PROBLEM REQUIREMENTS:
All the lines below should be set down exactly, with no picture carried into the copy.

AVAILABLE RECORDS:

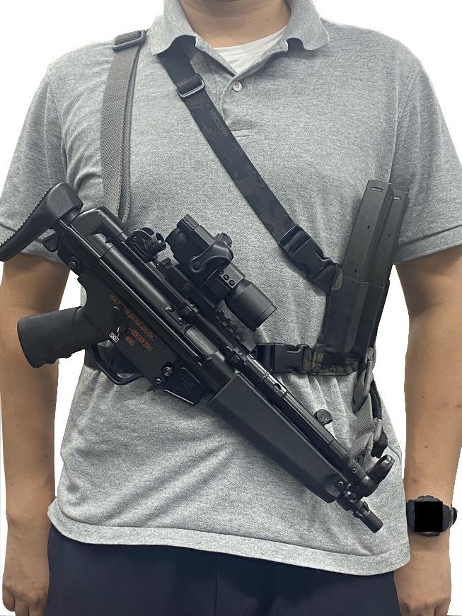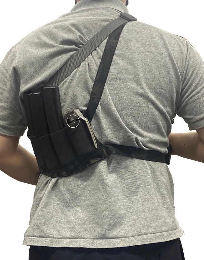このバンダリアは、スーツ着用下でも目立つことなく(Concealed Carry)、リュックサックに折り畳んでMP5やMP7などの軽量型SMGと一緒に(Compact Carry、Every day Carry)持ち運ぶことができ、迷うことなく簡単に着用できる(Equip Easy)というコンセプトで開発されました。
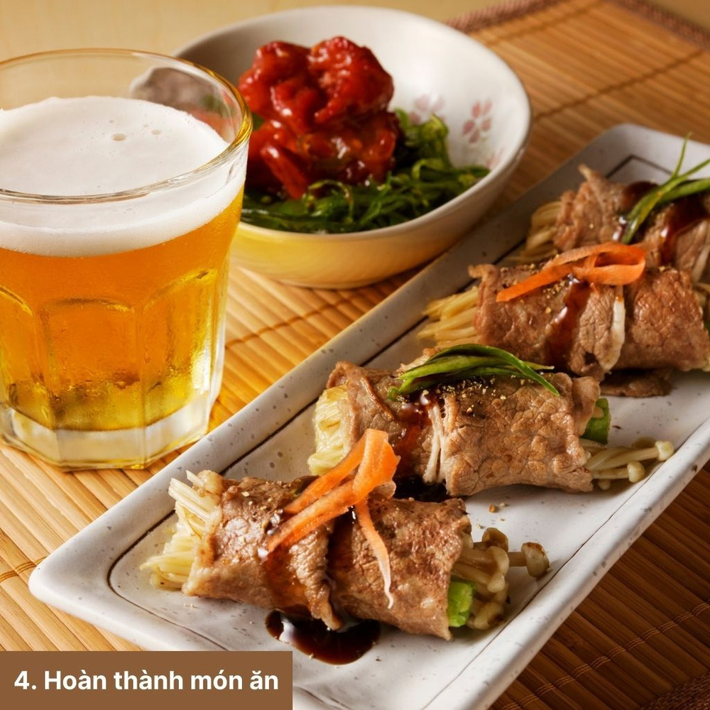 Bí quyết làm bò cuộn nấm kim châm thơm ngon
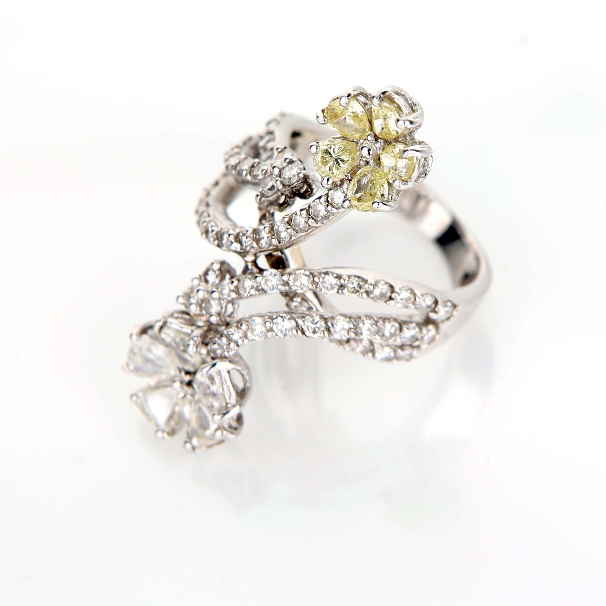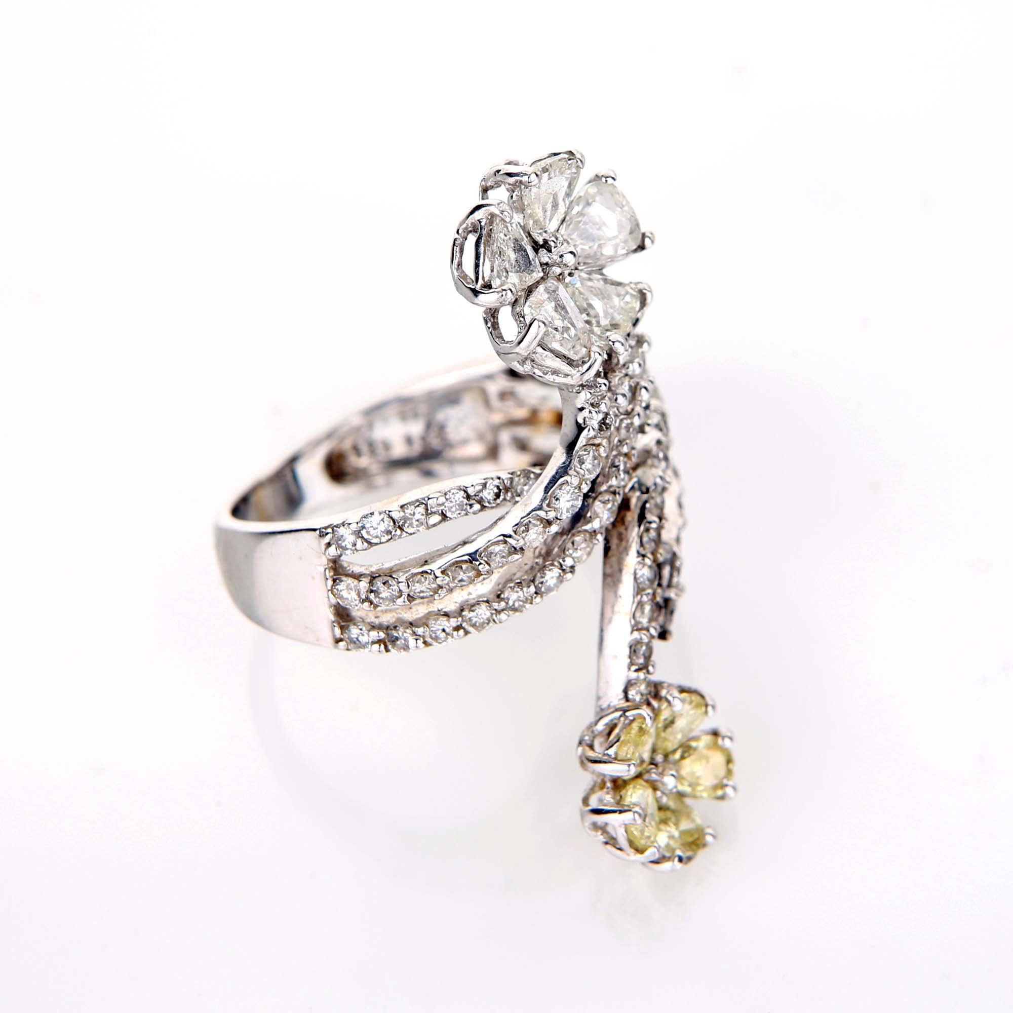 Oro bianco 750/000, diamanti in taglio rotondo brillante ct. 1,23, diamanti fancy yellow in taglio goccia ct. 1,02 e diamanti in taglio goccia antico ct. 1,3. Peso complessivo gr. 6,80.
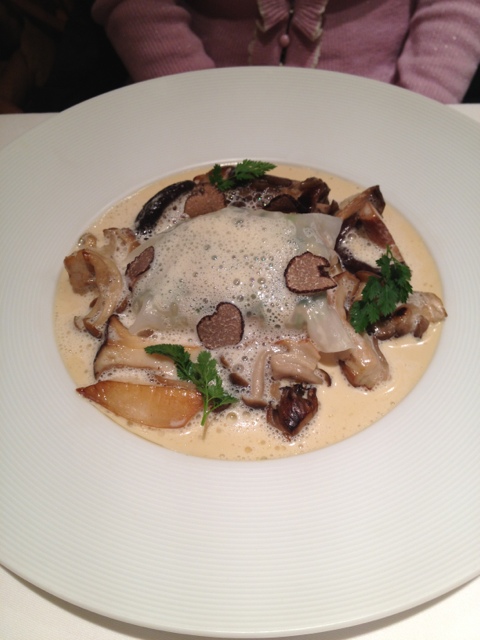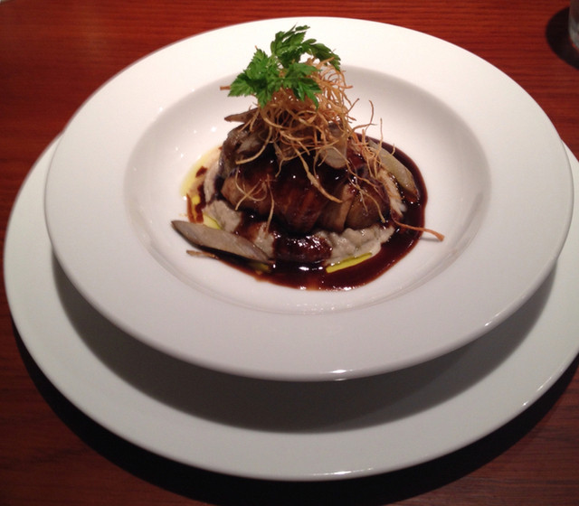 夜は前菜が「オマール海老と豚足の包み焼き」、メインが「牛テールの赤ワイン煮と根セロリのパルマンティエ」でした。両方共に美味しかったですよ。此方のディネは¥5,880のプリフィックスで、アントレ、プラ、デセールの構成です。前菜は9種類、メインは7種類、デザートは4種類から選びます。前菜、メイン、デザート、共ボリュームがかなりあるので、本当のフレンチを食べた気分になります。チマチマと色んな種類が出て来るのでは物足りない、一皿、一皿を十分食べて堪能したい方々に向いています。その意味でグルメよりグルマン向けのお店かもしねませんね。
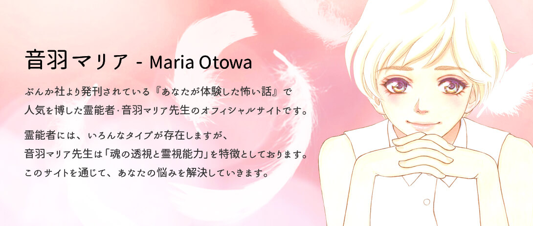 音羽マリア先生は霊能者として、その暗闇を見つけ出し、問題を解決していく使命を与えられた者として、皆さんの悩みに向き合います。これは巷に溢れる占いのようなものではありません。むしろ、占いなどの統計学では 解決されない、あなただけの必要なメッセージをお届けします。
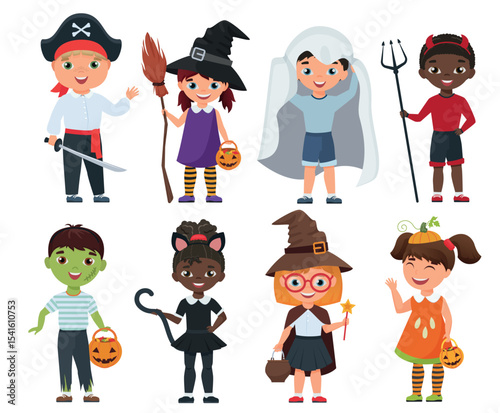 Cute Halloween kids set. Cartoon vector illustration isolated
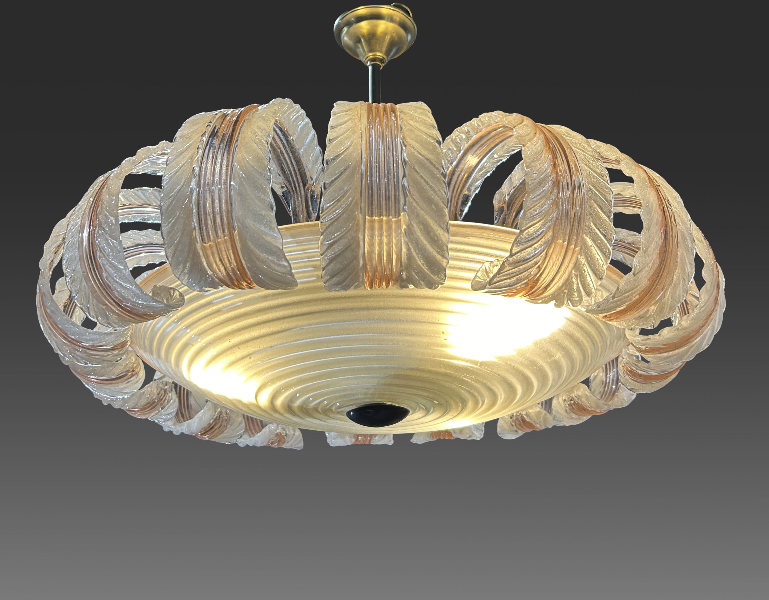 Rare suspension florale en verre soufflé « lattimo » et « pulegoso »
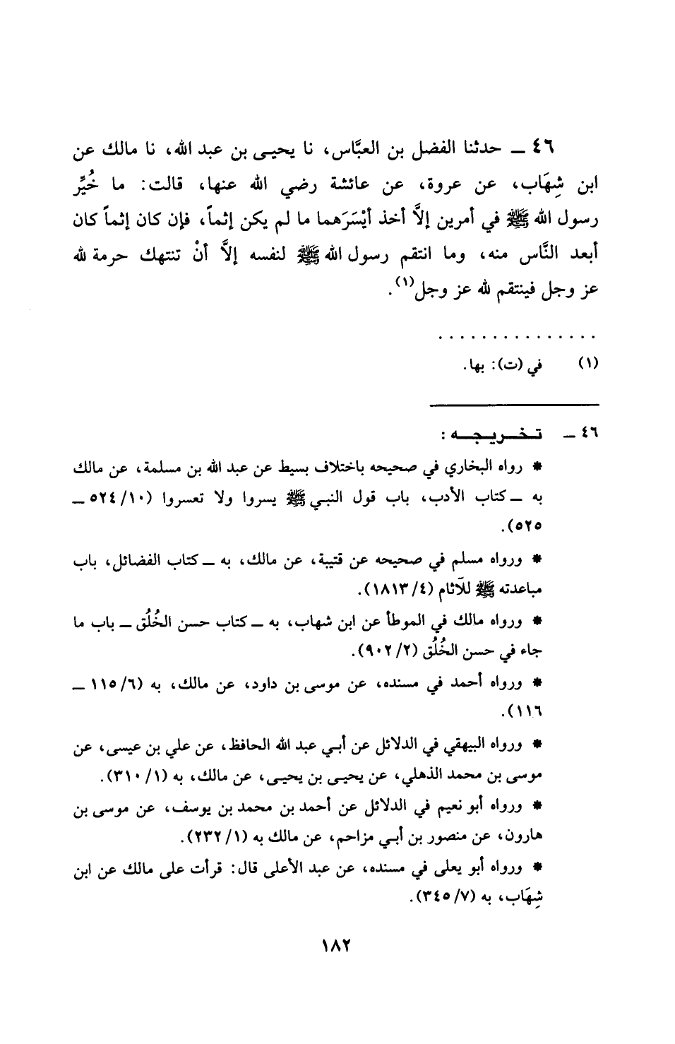 46 - حَدَّثَنَا الْفَضْلُ بْنُ الْعَبَّاسِ، نَا يَحْيَى بْنُ عَبْدِ اللَّهِ، نَا مَالِكٌ، عَنِ ابْنِ شِهَابٍ، عَنْ عُرْوَةَ، عَنْ عَائِشَةَ، رَضِيَ اللَّهُ عَنْهَا قَالَتْ: §مَا خُيِّرَ رَسُولُ اللَّهِ صَلَّى اللهُ عَلَيْهِ وَسَلَّمَ فِي أَمْرَيْنِ إِلَّا اخْتَارَ أَيْسَرَهُمَا، مَا لَمْ يَكُنْ إِثْمًا فِإِنْ كَانَ إِثْمًا كَانَ أَبْعَدَ النَّاسِ مِنْهُ، وَمَا انْتَقَمَ رَسُولُ اللَّهِ صَلَّى اللهُ عَلَيْهِ وَسَلَّمَ لِنَفْسِهِ، إِلَّا أَنْ تُنْتَهَكَ حُرْمَةُ اللَّهِ عَزَّ وَجَلَّ
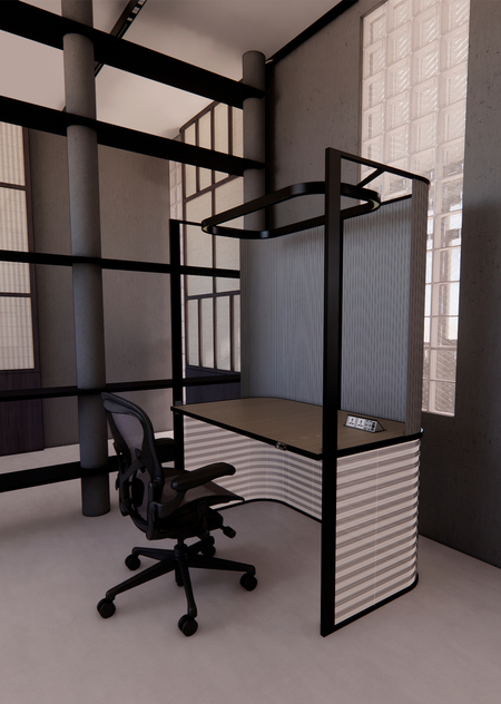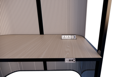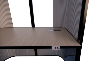 В конструкцию интегрирована динамическая подсветка, уменьшающая зрительное напряжение и создающая комфортные условия для длительной концентрации. Предусмотрен механизм, открывающий доступ к встроенным портам для зарядки и универсальным розеткам, что делает подключение оборудования удобным и аккуратным. Дополнительные шторки позволяют при необходимости изолировать рабочую зону, формируя индивидуальное пространство, повышающее уровень сосредоточенности и приватности.

YOUR RESPONSE:
このバンダリアは、スーツ着用下でも目立つことなく(Concealed Carry)、リュックサックに折り畳んでMP5やMP7などの軽量型SMGと一緒に(Compact Carry、Every day Carry)持ち運ぶことができ、迷うことなく簡単に着用できる(Equip Easy)というコンセプトで開発されました。
 Bí quyết làm bò cuộn nấm kim châm thơm ngon
 Oro bianco 750/000, diamanti in taglio rotondo brillante ct. 1,23, diamanti fancy yellow in taglio goccia ct. 1,02 e diamanti in taglio goccia antico ct. 1,3. Peso complessivo gr. 6,80.
 夜は前菜が「オマール海老と豚足の包み焼き」、メインが「牛テールの赤ワイン煮と根セロリのパルマンティエ」でした。両方共に美味しかったですよ。此方のディネは¥5,880のプリフィックスで、アントレ、プラ、デセールの構成です。前菜は9種類、メインは7種類、デザートは4種類から選びます。前菜、メイン、デザート、共ボリュームがかなりあるので、本当のフレンチを食べた気分になります。チマチマと色んな種類が出て来るのでは物足りない、一皿、一皿を十分食べて堪能したい方々に向いています。その意味でグルメよりグルマン向けのお店かもしねませんね。
 音羽マリア先生は霊能者として、その暗闇を見つけ出し、問題を解決していく使命を与えられた者として、皆さんの悩みに向き合います。これは巷に溢れる占いのようなものではありません。むしろ、占いなどの統計学では 解決されない、あなただけの必要なメッセージをお届けします。
 Cute Halloween kids set. Cartoon vector illustration isolated
 Rare suspension florale en verre soufflé « lattimo » et « pulegoso »
 46 - حَدَّثَنَا الْفَضْلُ بْنُ الْعَبَّاسِ، نَا يَحْيَى بْنُ عَبْدِ اللَّهِ، نَا مَالِكٌ، عَنِ ابْنِ شِهَابٍ، عَنْ عُرْوَةَ، عَنْ عَائِشَةَ، رَضِيَ اللَّهُ عَنْهَا قَالَتْ: §مَا خُيِّرَ رَسُولُ اللَّهِ صَلَّى اللهُ عَلَيْهِ وَسَلَّمَ فِي أَمْرَيْنِ إِلَّا اخْتَارَ أَيْسَرَهُمَا، مَا لَمْ يَكُنْ إِثْمًا فِإِنْ كَانَ إِثْمًا كَانَ أَبْعَدَ النَّاسِ مِنْهُ، وَمَا انْتَقَمَ رَسُولُ اللَّهِ صَلَّى اللهُ عَلَيْهِ وَسَلَّمَ لِنَفْسِهِ، إِلَّا أَنْ تُنْتَهَكَ حُرْمَةُ اللَّهِ عَزَّ وَجَلَّ
 В конструкцию интегрирована динамическая подсветка, уменьшающая зрительное напряжение и создающая комфортные условия для длительной концентрации. Предусмотрен механизм, открывающий доступ к встроенным портам для зарядки и универсальным розеткам, что делает подключение оборудования удобным и аккуратным. Дополнительные шторки позволяют при необходимости изолировать рабочую зону, формируя индивидуальное пространство, повышающее уровень сосредоточенности и приватности.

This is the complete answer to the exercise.